In the present study, clinically diagnosed cases of NOA were included (n=72) and the finding were compared with control group. The study was approved by Institute Ethical Committee and Institutional Research Committee of All India Institute of Medical Sciences Patna. Written informed consent was taken from the patients.

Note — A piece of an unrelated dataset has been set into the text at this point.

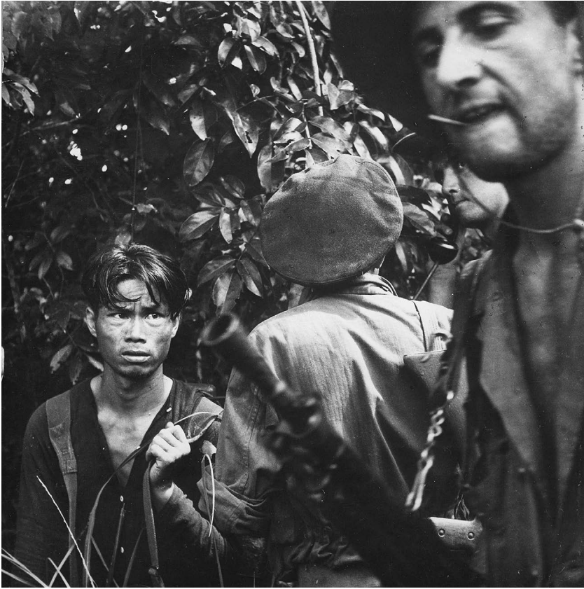
FIGURE 7.1 The original 1953 US Information Agency caption with this photo said, “The French Foreign Legion is playing the major combat role in the war against the Vietminh. Here a red-suspect has been found hiding in the jungle and is now being questioned by the advance patrol, who caught him.”

innovation involved technical and tactical military solutions, although there were some experiments with improved intelligence gathering and counter-guerrilla operations through the use of local allies. 32

Isolation of Genomic DNA and RNA

Genomic DNA and RNA was isolated from 1.0 ml whole blood samples using protocol of kit (Promega, USA), quantified by nanodrop spectrophotometer and quality was checked on 1.5 % agarose gel electrophoresis and DNA or RNA bands were visualized after staining with ethidium bromide by Gel Doc system (Bio Rad, USA). The cDNA was prepared by using reverse transcriptase with Oligo (dT) primer and complementary products were stored at -20°C till further analysis.

RT-PCR analysis for the amplification of Sycp-3 gene mutation.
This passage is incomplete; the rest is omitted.